Published: 24 June 2022
Last updated: 5 March 2024
Likud is in front but without enough allies for government; Arabs and Haredim are both potential kingmakers, but stalemate is likely
As Israel braces for its fifth election since 2019, three separate TV polls show that the two rival political blocs remain deadlocked, as they were in the previous four elections, although all showed the bloc of parties loyal to opposition leader Benjamin Netanyahu faring significantly better than it did in the 2021 elections.
The polls predicted that neither the current coalition nor opposition leader Benjamin Netanyahu’s right-religious bloc would receive a majority of 61 seats in the 120-member Knesset, assuming there are no changes in the constellation of parties and alliances in the coming months, an unlikely prospect. Outgoing Prime Minister Naftali Bennett, for instance, whose Yamina party is polling at 4-5 seats, at times indicated a willingness to sit in a Netanyahu-led government before his own coalition was finalised.
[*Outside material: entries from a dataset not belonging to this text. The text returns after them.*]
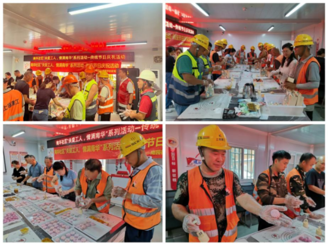 9月14日,南华社区联合中建三局南华村项目党支部、上海建工福萃苑项目部、中建八局滨河水质净化厂提标扩建项目党支部在各工地党群服务站开展“关爱工人,情满南华”——南华社区中秋节工地手工月饼系列活动,让奋战在社区建设一线的工友们充分感受到来自社区大家庭的温暖与关怀。
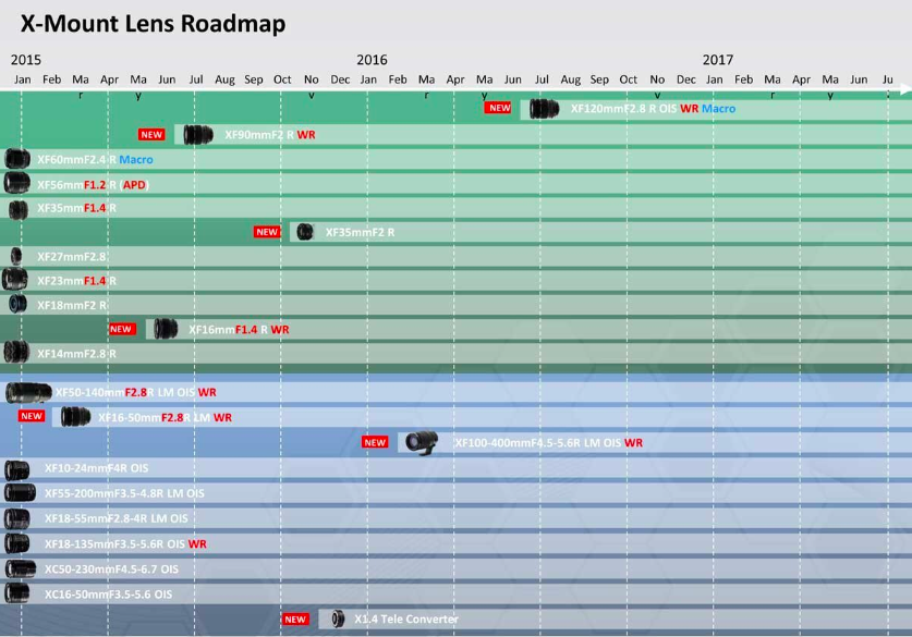 X-Pro2的出現眾說紛紜,富士各階產品線有許多更新,而旗艦級的X-Pro1下一代卻始終不知道何時會跟粉絲見面。根據外電消息,富士的產品時程圖透露,即將於今年下半年推出一系列的新鏡頭,包括定焦鏡與變焦鏡頭,詳細的時程表亦已在網上流傳出來,主要的包括:
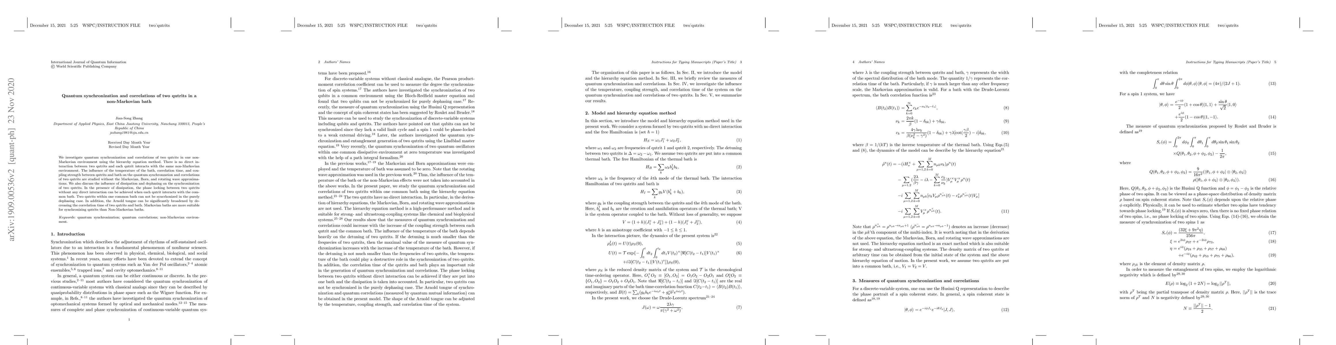 This paper explores quantum synchronization and correlations of two qutrits in a non-Markovian environment, focusing on the effects of temperature, bath correlation time, and coupling strength. It finds that synchronization can occur through interaction with the common bath, while dephasing prevents synchronization, and the Arnold tongue broadens with reduced correlation time.
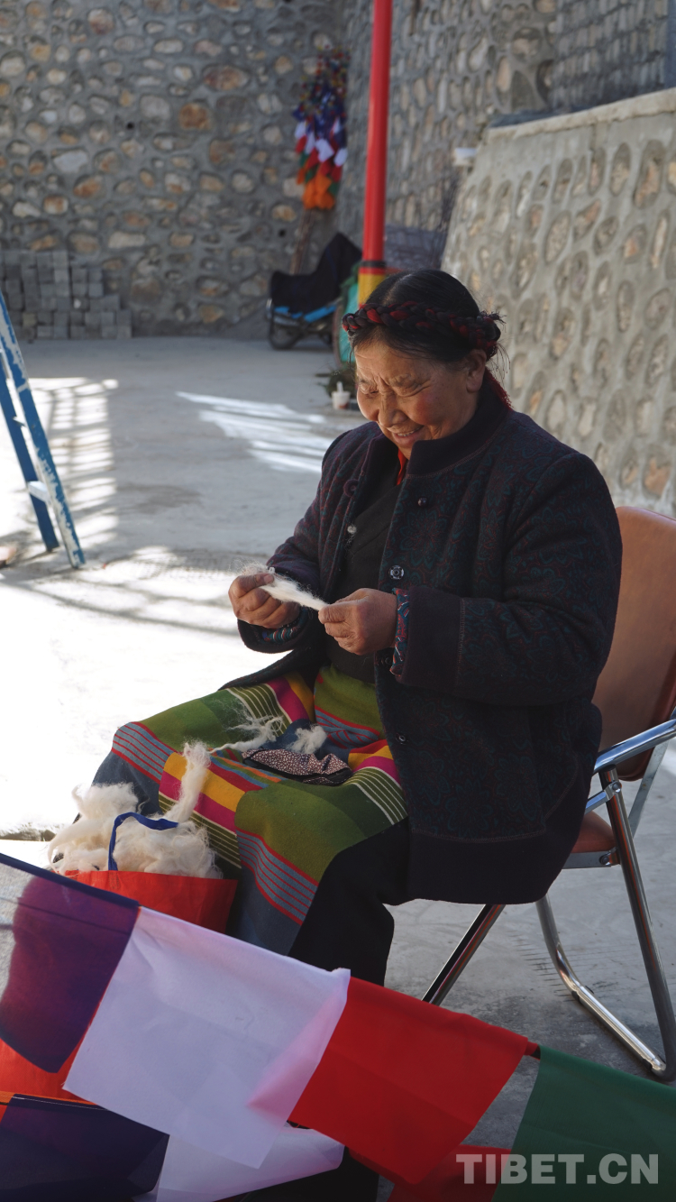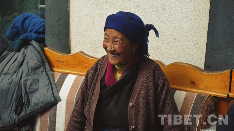 這是我最喜歡的莫啦。住在莫啦家的幾天里,除去采訪、收集素材和寫稿,最放松的時刻就是忙里偷閑和莫啦在廚房烤火、在巷子口曬太陽。莫啦會問我穿得這么少冷不冷,會給我講路過的小女孩有個雙胞胎姐姐,會讓我送熱水給我的同事喝,會拿盛滿卡塞和奶渣的點心盒塞給我吃,會在我想把手頭工作做完再吃飯時問同事我怎么不吃飯。當(dāng)然這些我大多是聽不懂的,有些是德瓊阿佳(莫啦的女兒,拉康社區(qū)婦女主任,同時也是客棧的老板)和達(dá)次哥(這次出差的司機(jī)師傅)翻譯給我的,有些是我倆通過比劃猜到的。
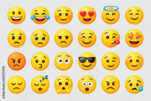 25 Emoji Icons Pack – Smileys, Emoticons, Expressions, Faces, Reactions, Laugh, Love, Angry, Crying, Cool, Sleepy, Shocked, Happy, Sad, Cartoon Stickers
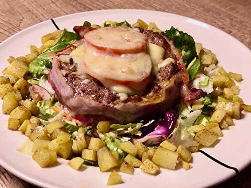 This juicy hamburger nest with cubed potatoes is a surprising alternative for the classic dry burger in a dry bread.
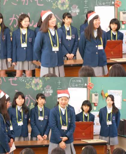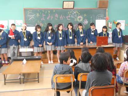 16日は図書委員会の2年生と合唱部の合同で,絵本の読み聞かせと音楽を届けに百々小学校を訪れました。最初にみんなであいさつをして,図書委員長からのあいさつの後、読み聞かせを始めました。
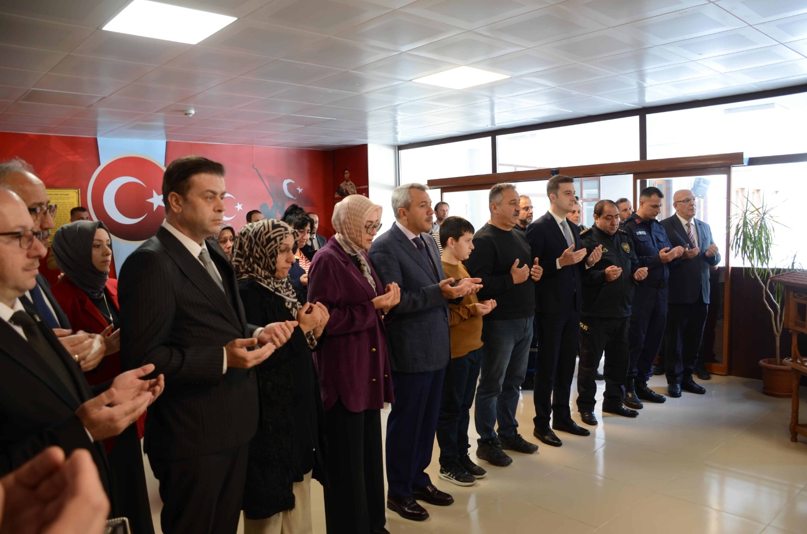 İlçe Müftüsü Nizamettin Keskin'in duasının ardından okulun yeni ismi, yapılan kurdele kesimiyle resmiyet kazandı.

The surveys were aired a day after Bennett and Foreign Minister Yair Lapid announced that they would move to dissolve the Knesset, as multiple defections from parties in the ruling coalition rendered it unable to govern. Reactions to the dissolution have set the stage for the election.
Analyst Ben Caspit wrote in Al-Monitor that in his decision to dissolve parliament, Prime Minister Naftali Bennett preferred his legacy as the prime minister who took on Iran with unprecedented intensity, rather than the one who succumbed to backbenchers in his own party.
While Netanyahu has pledged to form a “broad national government,” he would embrace with fervour the choice of establishing a narrow government comprised of nationalist, ultra-Orthodox and fascist parties, if the vote enables it, said Caspit.
Arab voters will hold considerable sway with Ra’am, which made history a year ago as the first Arab party to join a ruling coalition, up against the rival Arab Joint List, which has refused to participate in government.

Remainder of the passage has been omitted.